Thank you for clarifying a few things for me. I still am a little confused, especially since I will be recording a small loss this year. From what I understand, Class 12 has a rate of 100% and Class 52 is temporarily 100%. I am not an accountant and think this is probably the area that confuses me the most. To help me better understand; please advise if these examples are correct or incorrect.

Class 52 Cost - $2,000.00 (example only)
Class 12 Cost - $750.00 (example only)

If enough profit at year end to take full depreciation:

Credit Class 52 Acc. Amort. - $2,000.00
Credit Class 12 Acc. Amort. - $750.00
Debit Amort. Expense - $2,750.00

Claim 100% CCA on both?

If a loss:

Credit Class 52 Acc. Amort. - $2,000.00
Credit Class 12 Acc. Amort. - $750.00
Debit Amort. Expense - $2,750.00

Claim 0% CCA on both?

If this is correct for the loss, and next year I have a profit, can I still claim 100% CCA or is it lost? If not lost, how do I claim it next year if a profit? Also, either way the net book value for the 2 classes is $0.00?

Again thank you so much for your help. I would love to get my CGA to help me with all of this but am not able to at the moment.

Keep up the great work...your site is easy to navigate, interesting to read, and extremely helpful.

Kallie

Feb 04, 2011
How CCA Works
by: Lake

You are almost there. I just want to review how I understand CCA works before I respond directly to your question.

One of the benefits of CCA is that it is optional. This means you can use it in your tax planning strategy.

What this means is if you don't use it, you don't lose it ... you save it for a future year. This is advantageous in the year you experience a loss ... just like your situation.

Also, in your example above, you left off the "in-between" option. It is not an all or nothing claim. Using your example, you can claim any where from $0 to $2,750 ... in other words you can make a partial claim.

CCA by its very nature has a built in limit you can claim in each year. If you don't claim any CCA in the current year, you do not get to claim double next year ... but the CCA you did not claim in the current year is not lost ... it is just saved for use in a future year.

This optional feature of CCA is one of the reasons it is not an acceptable method for booking depreciation/amortization in your financial statements ... if you are following GAAP. This method no longer "matches" expenses with revenues.

The other reason it is not GAAP is the rate of depreciation may not represent the proper amount of "using up" of the asset over its life ... because the government's objectives are different as I've mentioned in other posts. Their objective is to control the social and political environment.

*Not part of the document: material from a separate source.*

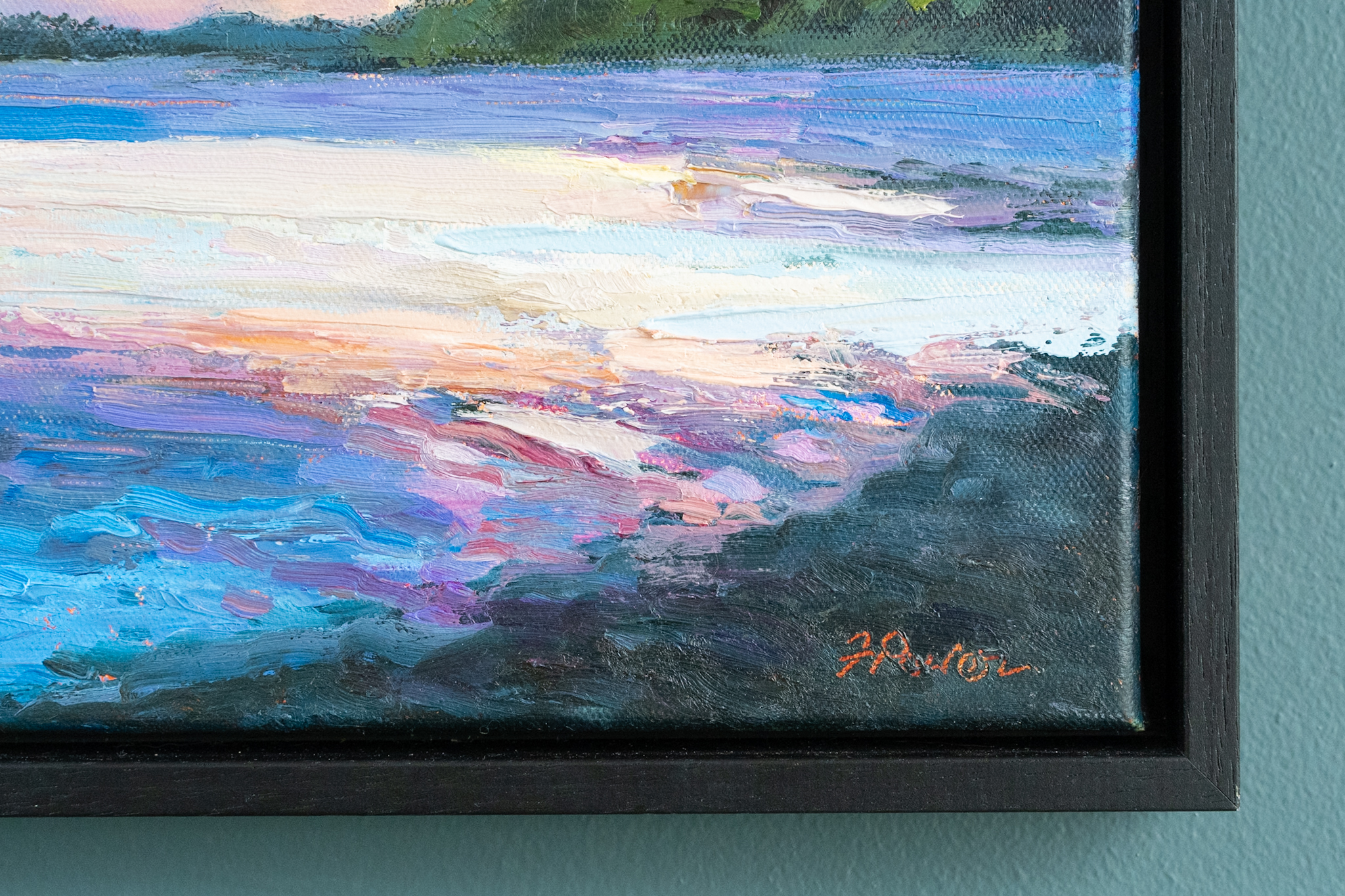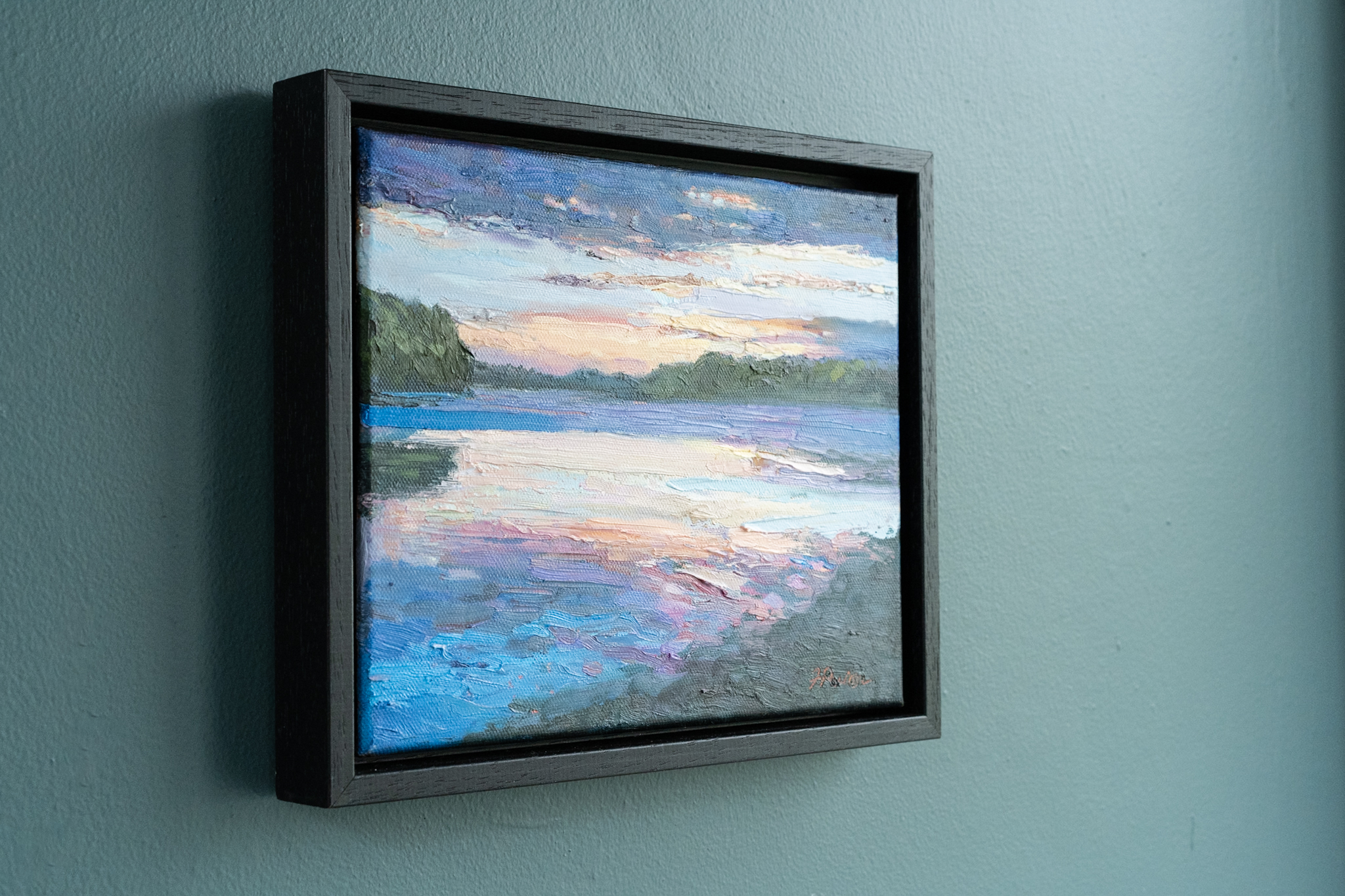 Impressionism of this quality is what the magic of art is all about. Those delicate, brush strokes, the true knowledge and expert handling of colour, the obvious dabs and strokes, which up close are blocks of colour, but from a distance fall into place as the most beautiful, evocative oil painting of the clouds and the sky during an evening sunset – its quite exciting. This small but exquisite painting would make an exciting and beautiful addition to any home.

This means that each year you don't make a CCA claim ... or make a partial CCA claim, you are behind in depreciating your assets ... which is not in conformance with GAAP.

Stephen Thompson, in his book 167 Tax Tips for Canadian Small Business, gives this tip.

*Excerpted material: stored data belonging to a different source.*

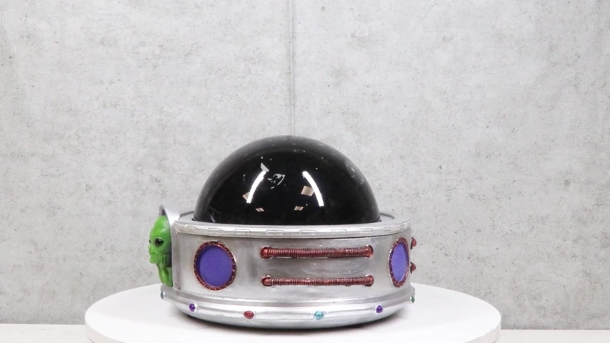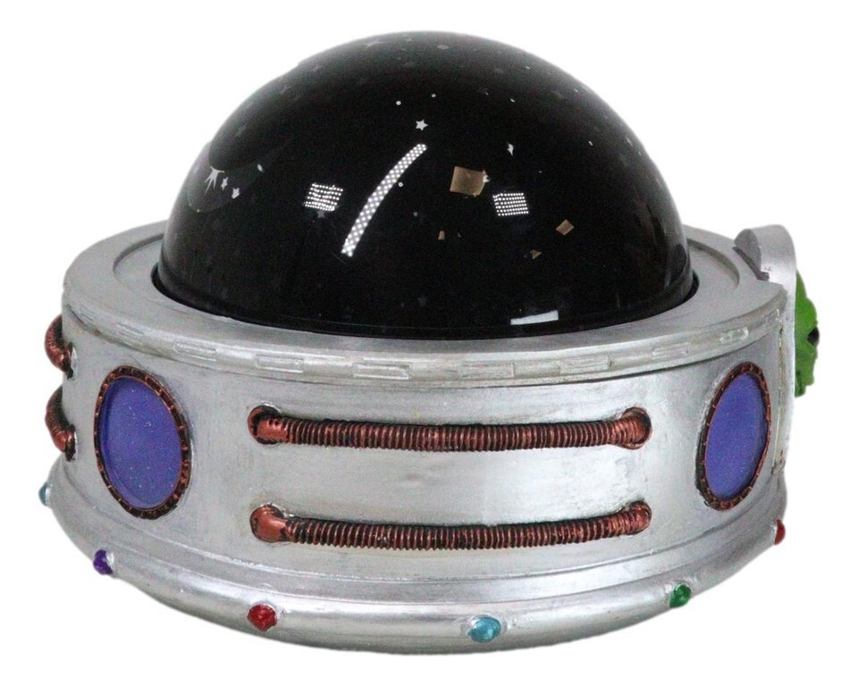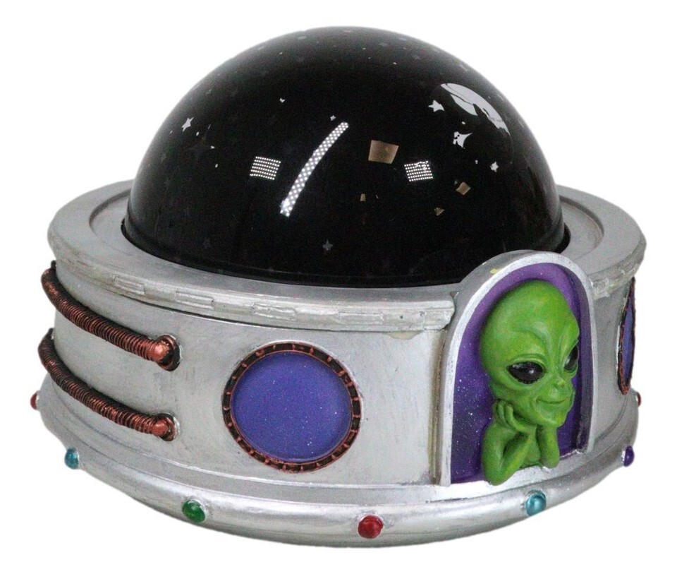 ? This UFO Alien Projector Night Light is made of polyresin, hand painted and polished individually.
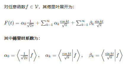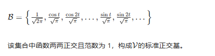 大家可以自行检验这个集是否符合,对于范数,可以分为常数、cos、sin三类检验范数是否为1;对于内积,也可以分常数、cos、sin三类之间作内积看是否为0;
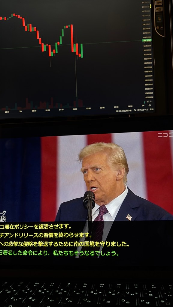 昨夜の(今朝?)せっかくなんで、どんな騒ぎを起こすか見てみようと思いトランプさんの就任式、各種チャート📈を並べて同時に見てみました。
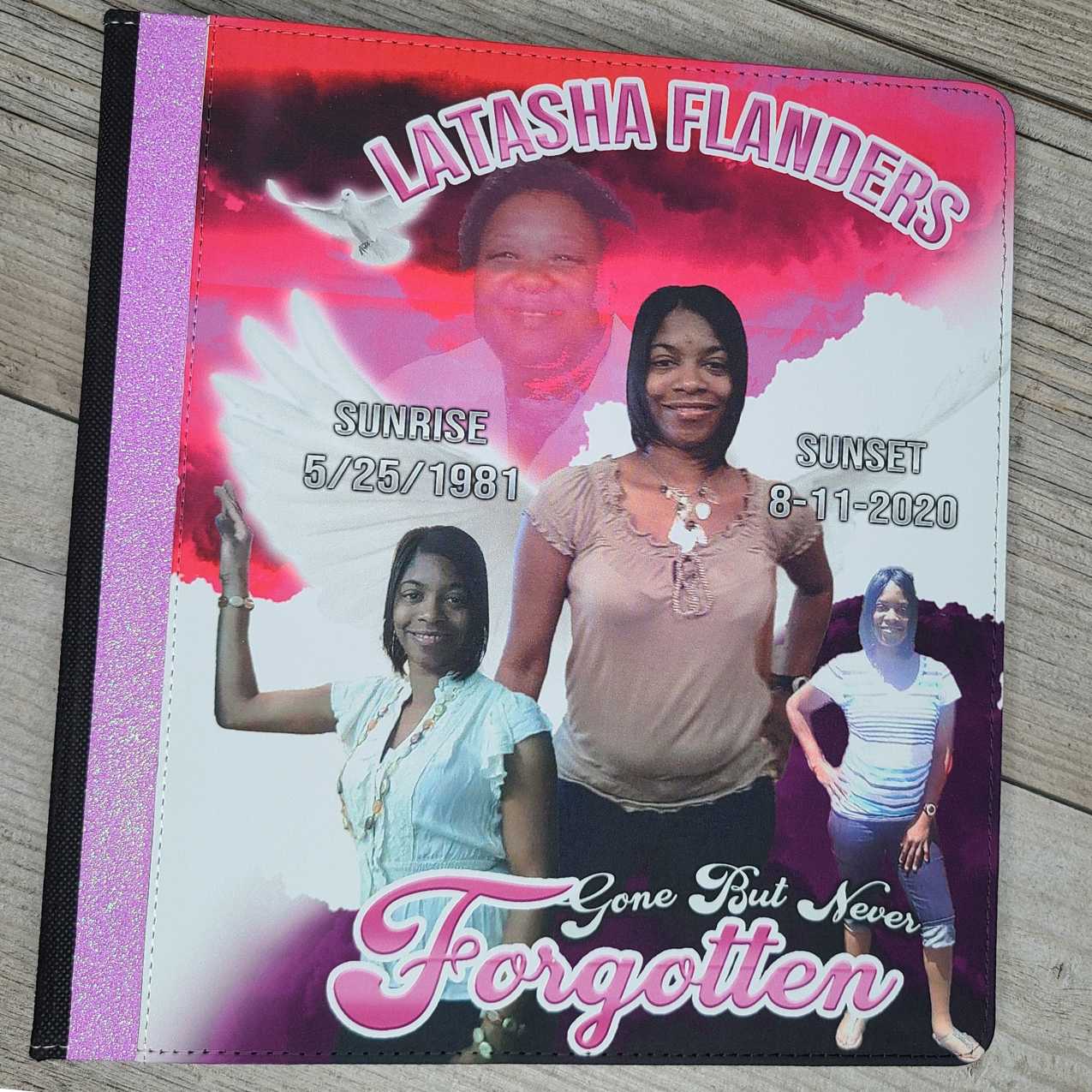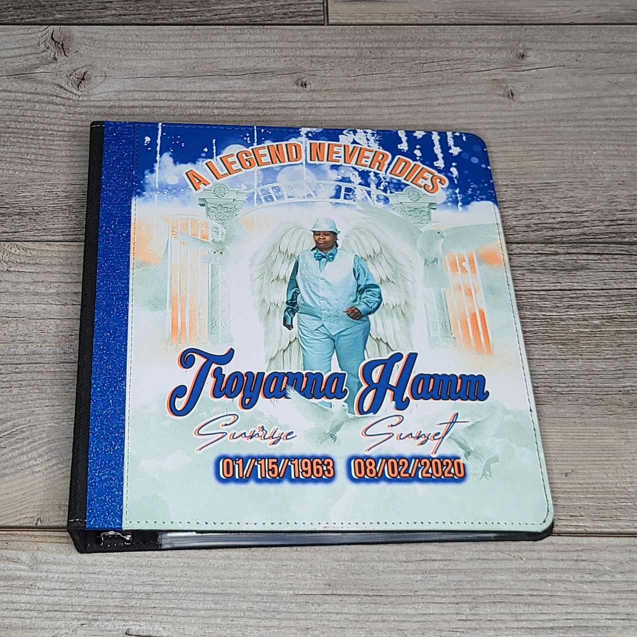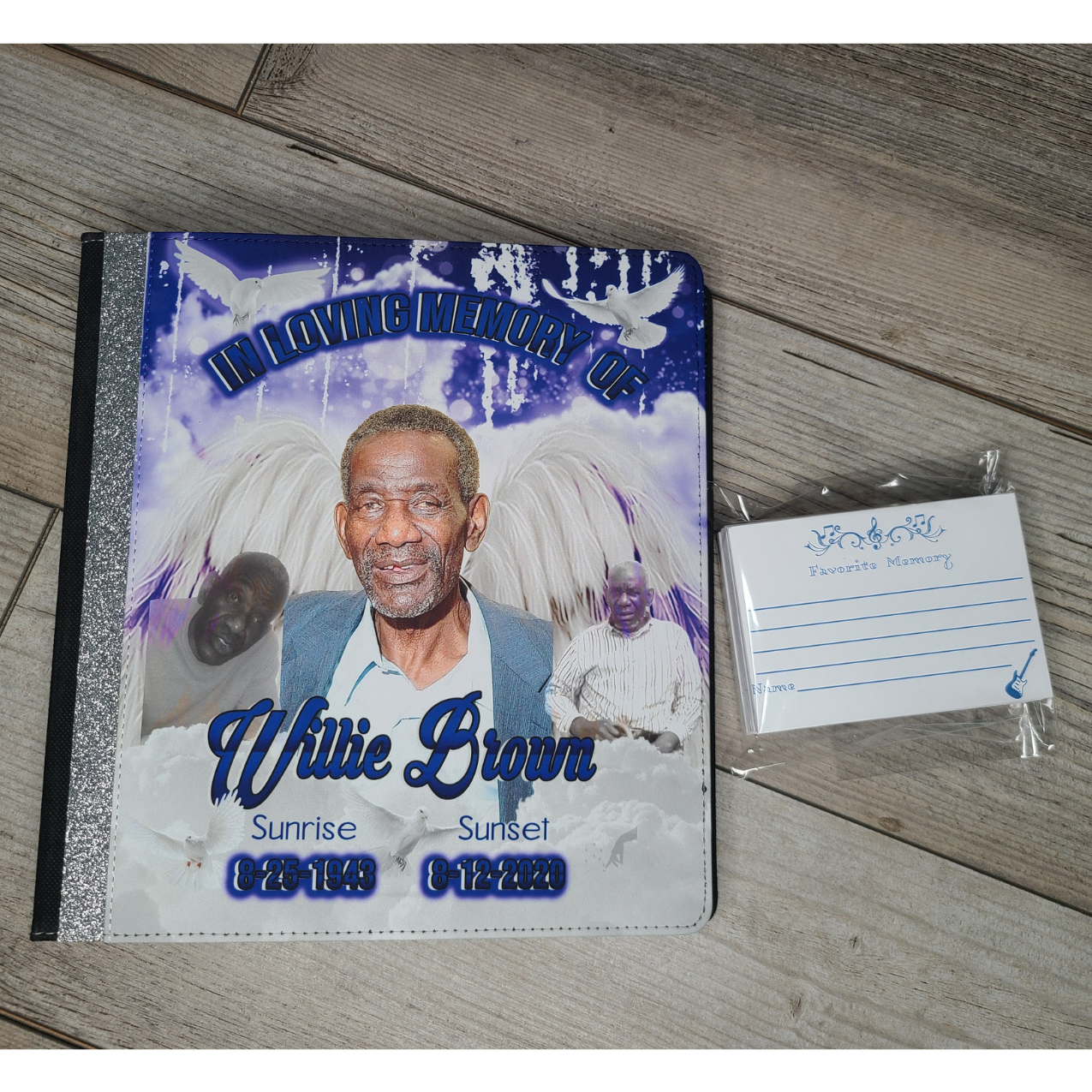 Our beautifully designed 8" x 10" 3-ring binder guest book offers a unique way to commemorate your loved one. Featuring a photo of your loved one on the front and a personalized design, this guest book becomes a cherished keepsake for years to come.

"When deferring CCA deductions, start by deferring fast-depreciating assets first to provide maximum flexibility."

So keep in mind that from a tax perspective, you are trying to manipulate (legally) your income to minimize your income tax payable ... in the long term. This means sometimes you might want to "save" your CCA claim for a future year where you expect to have higher income and therefore experience a greater benefit from the claim than in a lower income year.

From a GAAP perspective, when preparing financial statements, management is trying to meet management objectives which could be minimizing income, maximizing income, or smoothing income while staying in compliance with GAAP guidelines ... so that the information presented to third parties is fair and unbiased.

I hope this makes sense Kallie. Please make sure you check in with your accountant once available to confirm my understanding of CCA.